EXERCISE DETAILS ->
From the line containing "You can change" through the last line of the records below, output every line exactly as it appears, but leave out the pictures.

Data records:

┏━━

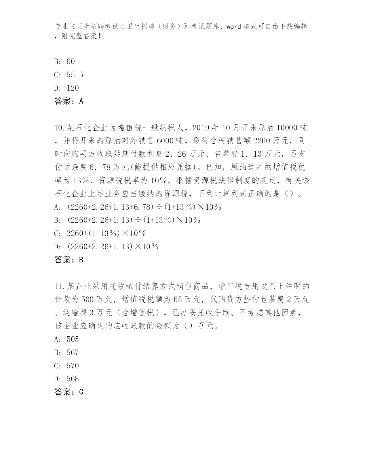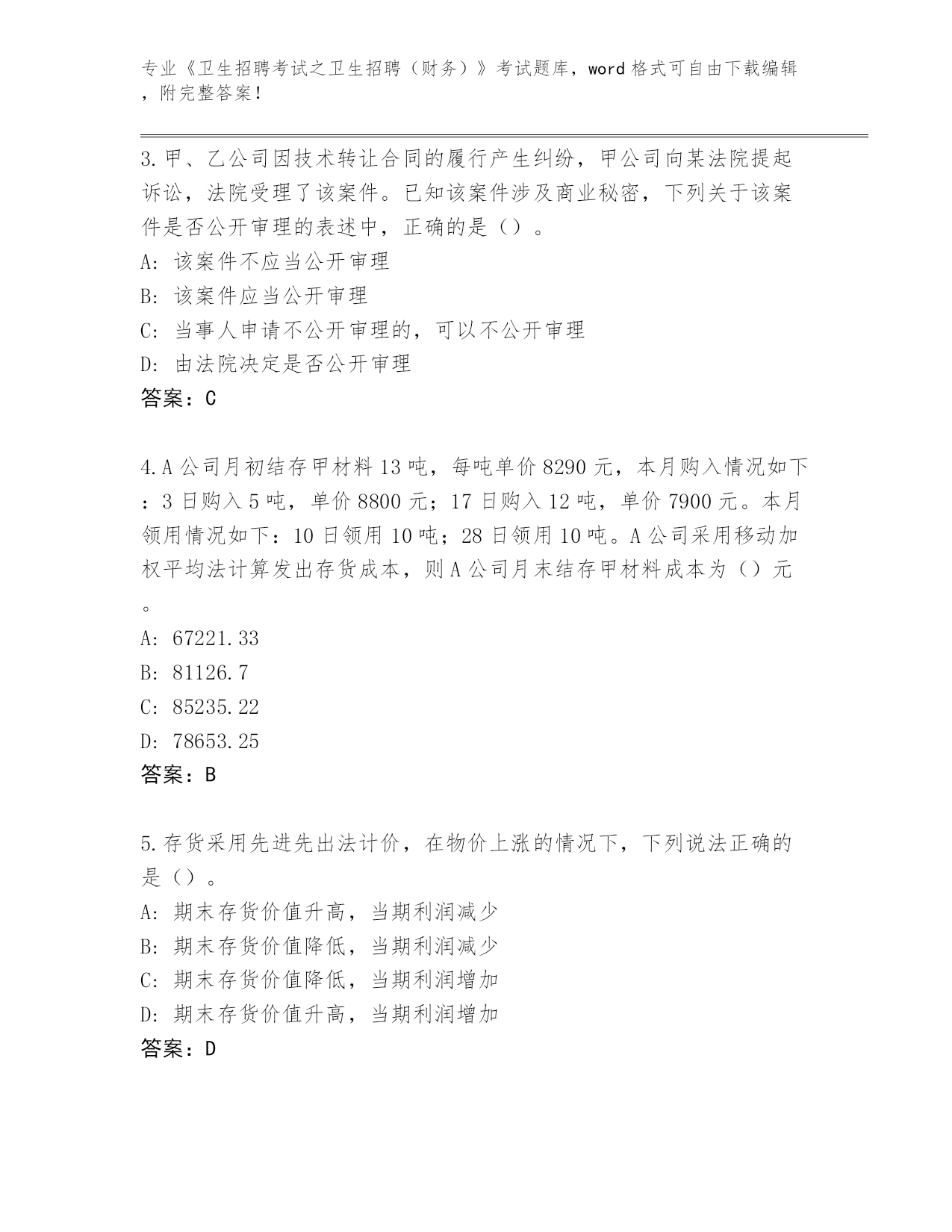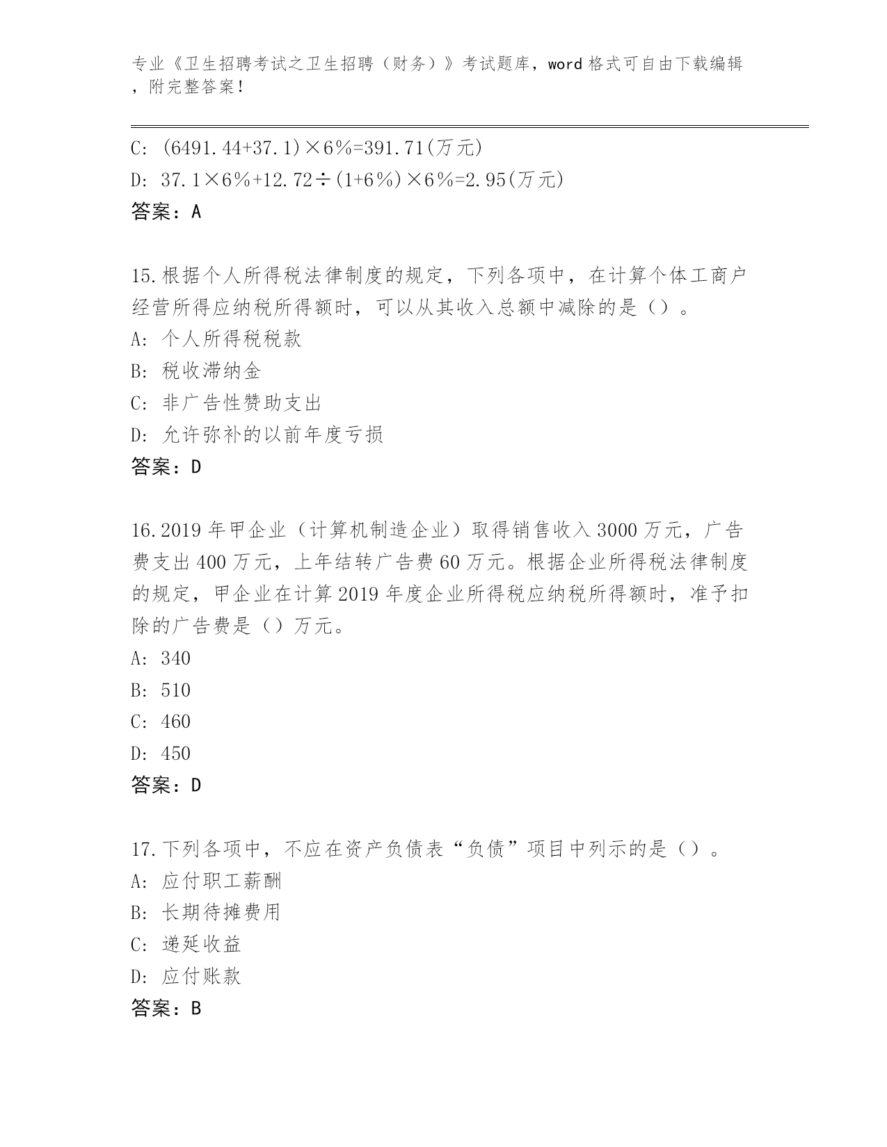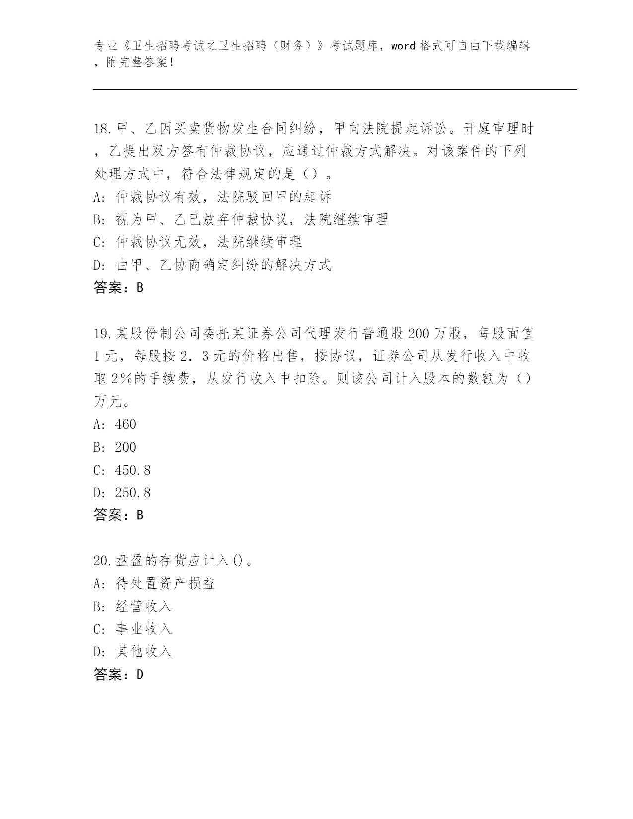 贵州省历年《卫生招聘考试之卫生招聘(财务)》资格考试通关秘籍题库(预热题)
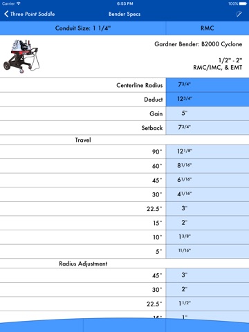Edit and view all of your benders specifications. Detailed information on the centerline radius, deduct, gain, setback. Plus the ability to view the travel, and radius adjustment for any degree bend between up-to 90°. All of this is visualized and edited within the Bender Specs.
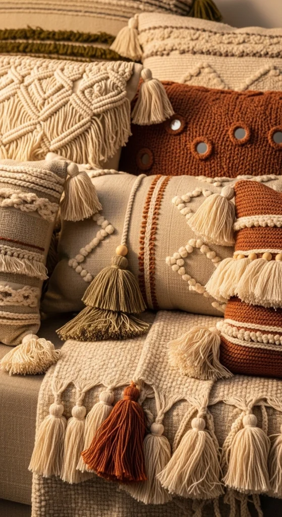 Limit to a few pieces so they feel intentional. Neutral tassels age well.
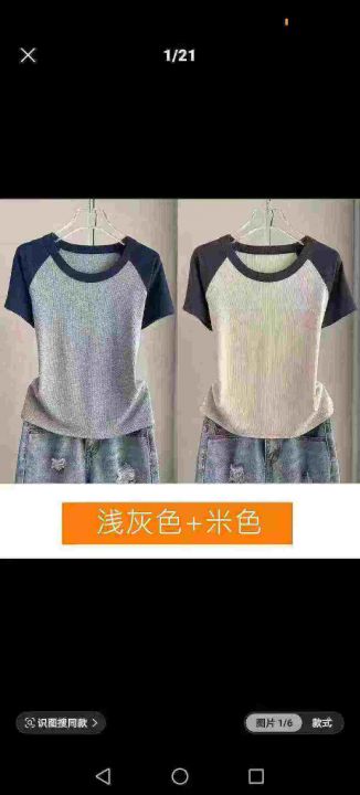 5.9全清,800件 分货+1,短袖正肩白色插肩撞色t恤 辣妹修身显瘦拼接圆领百搭针织毛衣 整款2色 品质好 独立包装。
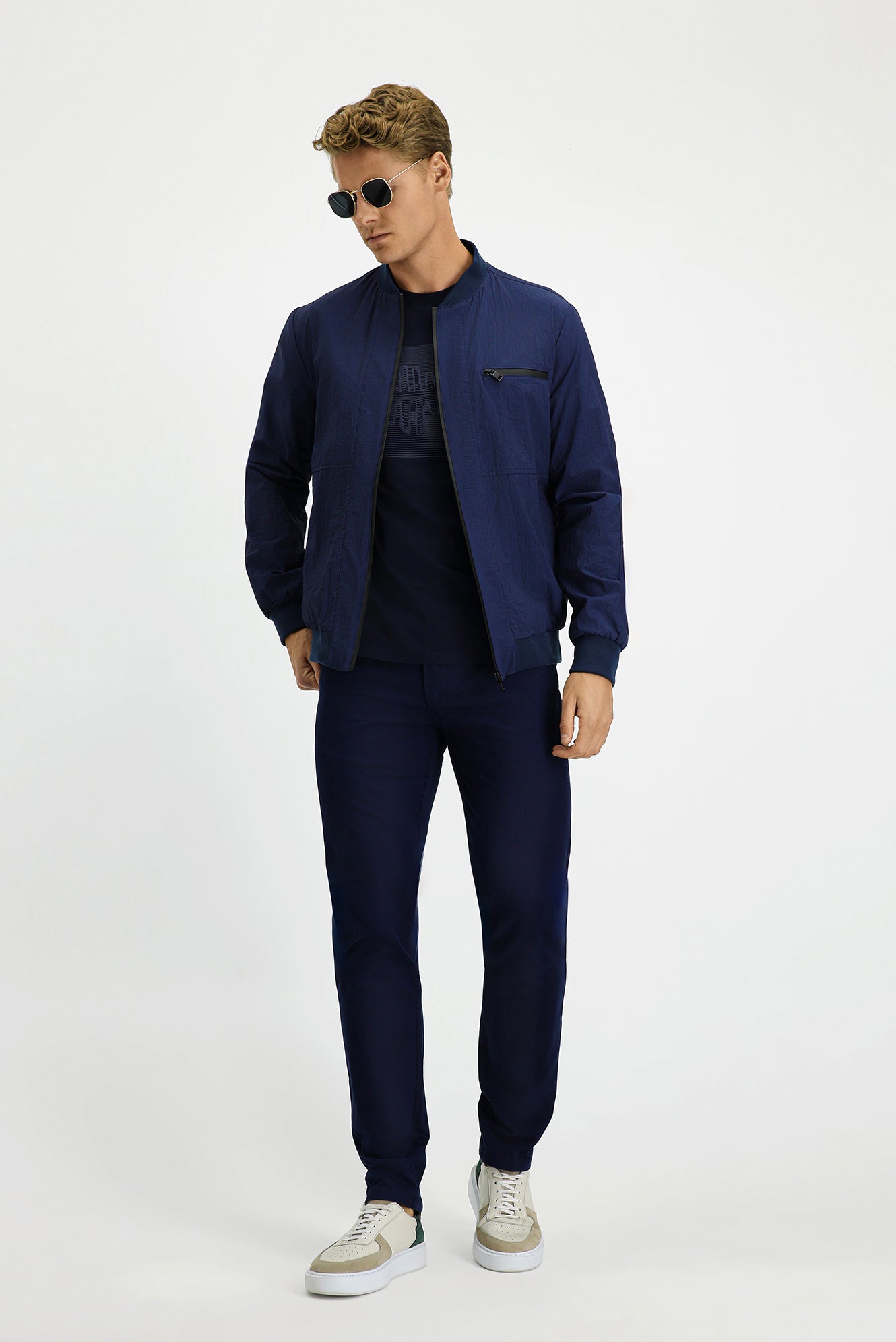 Orta Lacivert Mevsimlik Spor Bomber Ceket Mont
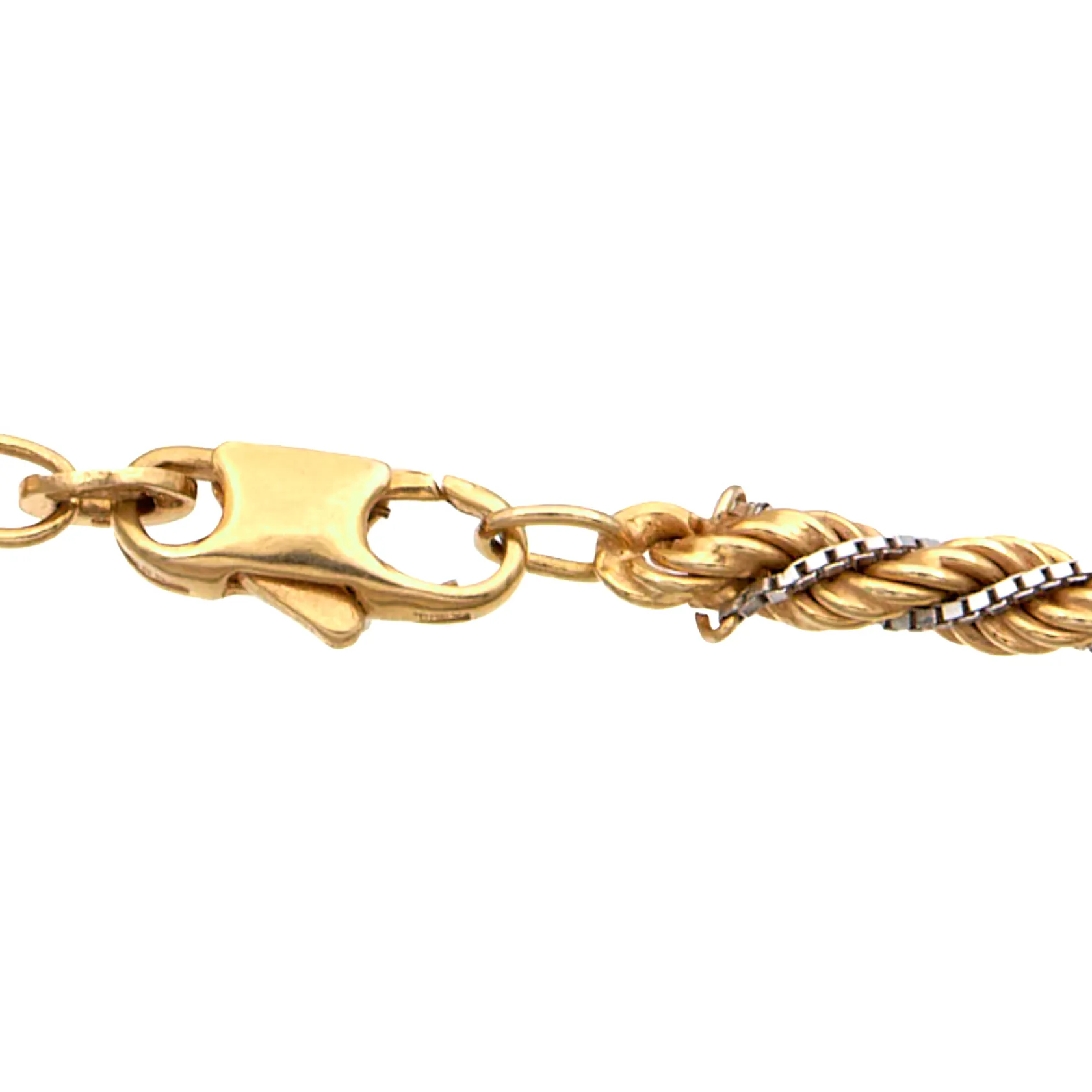 Cordell-kaulaketju, pituus 46cm, venetsiaketjun juotos pala katkennut, 585 kelta- ja valkokultaa, Paino: 9,6 g
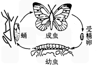果蝇、家蚕的发育过程要经过 ___、 ___ 、 ___ 、 __ __四个阶段,幼虫的 与成虫有明显的差别,这样的发育过程叫做 ___ 。进行这种发育方式的昆虫还有 ____ 、 __ 、金龟子等。
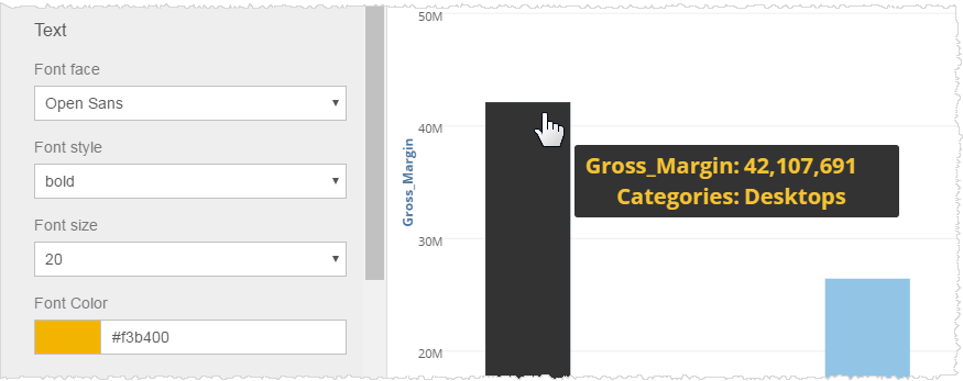 You can change the font style, units, suffix, decimal precision, and currency symbol used in tooltips.
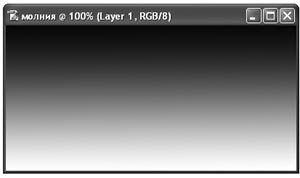 МолнияИзображение молнии, электрического разряда или звезды — излюбленные эффекты многих дизайнеров. Попробуем и мы создать нечто подобное, тем более что это совсем несложно. Командой меню File > New (Файл > Новый) создаем новый документ с размерами 400 x 200 пикселов. Цвет фона пока можно сделать прозрачным ( Transparent ). Устанавливаем цвета по умолчанию. Цвет переднего плана ( Foreground color ) должен быть черным ( Black ), а цвет фона ( Background ) — белым ( White ). Затем на инструментальной панели выбираем инструмент Gradient (Градиент). На его панели параметров настраиваем вид градиента: линейный тип градиента ( Linear Gradient ) и направление заливки — от переднего плана к фону ( Foreground to Background ). Градиентом с заданными параметрами заливаем наш документ таким образом, чтобы темная его часть оказалась сверху.
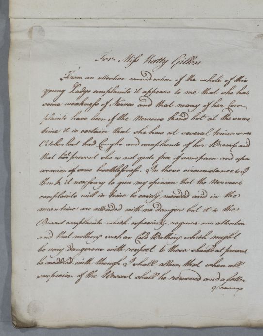Case of Miss Katty Gillon who has a cough and a nervous complaint. |
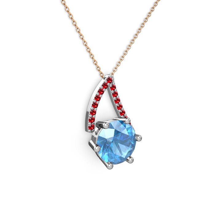 Akuamarin ve garnet 18 ayar beyaz altın kolye (40 cm gümüş rolo zincir)
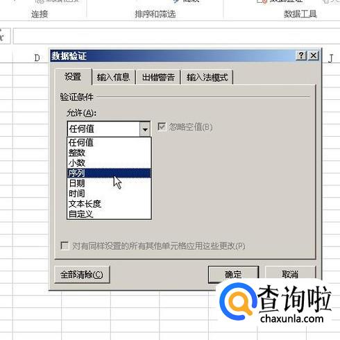 即时弹出数据验证的面板,在允许这里点击其下拉按钮,再点选:序列;下面来源的这一选项的设置按你实际要求来设置了。设置完毕点确定即可。

┗━━

SOLUTION TO THIS TASK ->
 You can change the font style, units, suffix, decimal precision, and currency symbol used in tooltips.
 МолнияИзображение молнии, электрического разряда или звезды — излюбленные эффекты многих дизайнеров. Попробуем и мы создать нечто подобное, тем более что это совсем несложно. Командой меню File > New (Файл > Новый) создаем новый документ с размерами 400 x 200 пикселов. Цвет фона пока можно сделать прозрачным ( Transparent ). Устанавливаем цвета по умолчанию. Цвет переднего плана ( Foreground color ) должен быть черным ( Black ), а цвет фона ( Background ) — белым ( White ). Затем на инструментальной панели выбираем инструмент Gradient (Градиент). На его панели параметров настраиваем вид градиента: линейный тип градиента ( Linear Gradient ) и направление заливки — от переднего плана к фону ( Foreground to Background ). Градиентом с заданными параметрами заливаем наш документ таким образом, чтобы темная его часть оказалась сверху.
Case of Miss Katty Gillon who has a cough and a nervous complaint. |
 Akuamarin ve garnet 18 ayar beyaz altın kolye (40 cm gümüş rolo zincir)
 即时弹出数据验证的面板,在允许这里点击其下拉按钮,再点选:序列;下面来源的这一选项的设置按你实际要求来设置了。设置完毕点确定即可。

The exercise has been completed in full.